# Rhinestones on Polyester satin



## Ponigirl (Aug 3, 2011)

Hi,

Does anyone have any experience with pressing rhinestones on polyester satin? I made some transfers for a customer who pressed them onto Satin Jackets and says that his customers are complaining that they the stones are coming off. I have never had this complaint with any other material. 

Thanks


----------



## Leg cramps (Feb 9, 2009)

I don't think it is your problem,you just made the transfers,you didn't pick out the garment or press them.Thats like saying I sold a customer some transfers and they aren't sticking to his scuba suit.mabey in the future make a note that you are only responsible for the transfers only not anything that happens to them after they are received.


----------



## Eview1 (Apr 29, 2010)

Did you actually see any of these Jackets? I would look, and ask if they washed or sent to cleaners, etc. This would be what I would tell the person who did the pressing to ask. You have no control over that transfer after you sell it.


----------



## Ponigirl (Aug 3, 2011)

I am waiting to hear back if the jackets have been laundered. This guy is a good customer and he is just asking for pointers on if there is anything 'special' he should do when using this material.
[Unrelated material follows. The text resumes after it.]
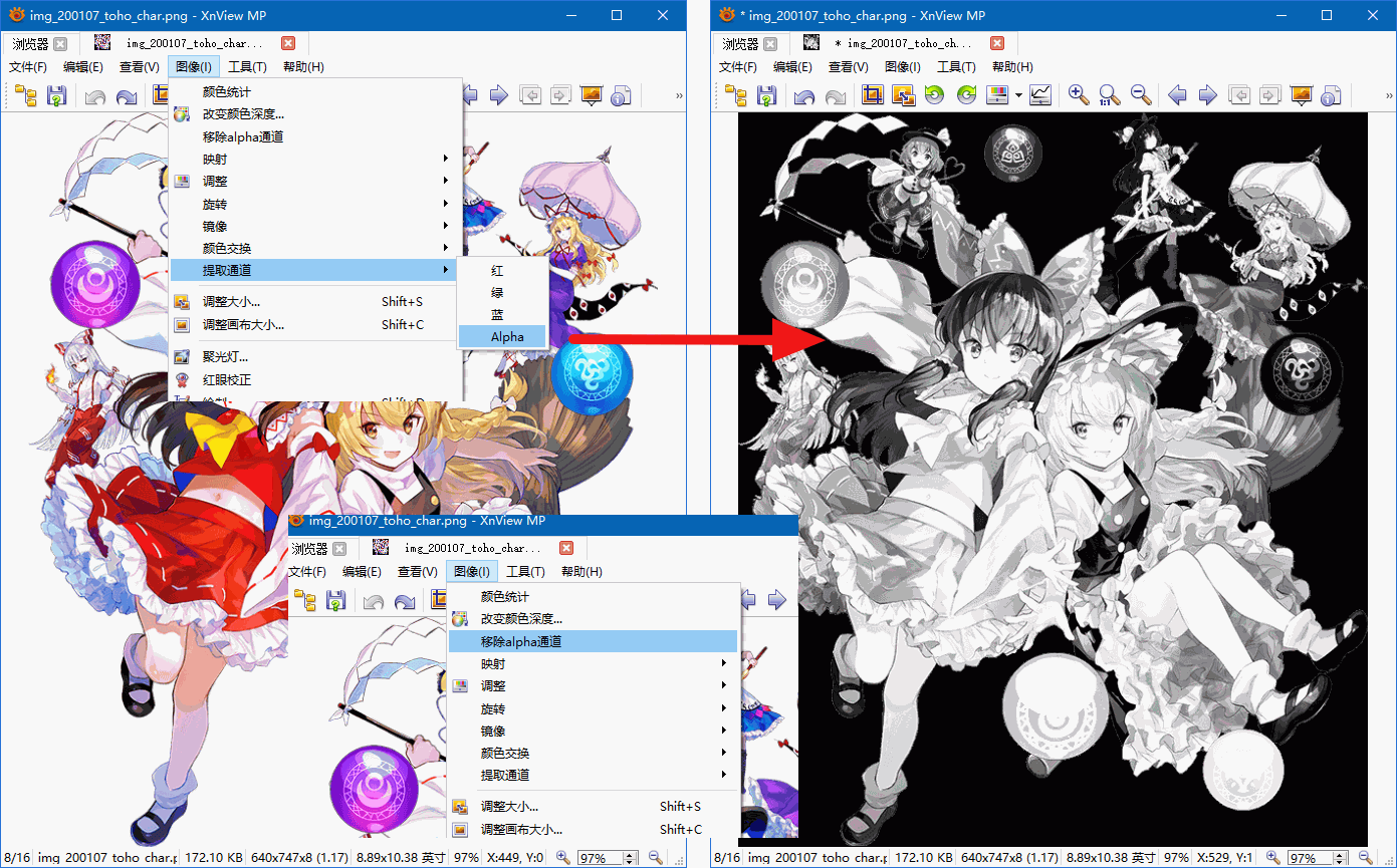 Neither removing the alpha channel nor extracting the alpha channel is correct with this 8-bit index png. ↓This is the source image

He is not mad or anything...just looking for direction and I would like to help him if possible. I have pressed thousands of designs on various types of fabric but I don't have any experience with this 'shiny' material.


----------



## Ponigirl (Aug 3, 2011)

LOL on the Scuba comment!


----------



## Eview1 (Apr 29, 2010)

here is a thread to look at from someone who tried. This may help with direction

http://www.t-shirtforums.com/rhinestone-decoration/t189704.html


----------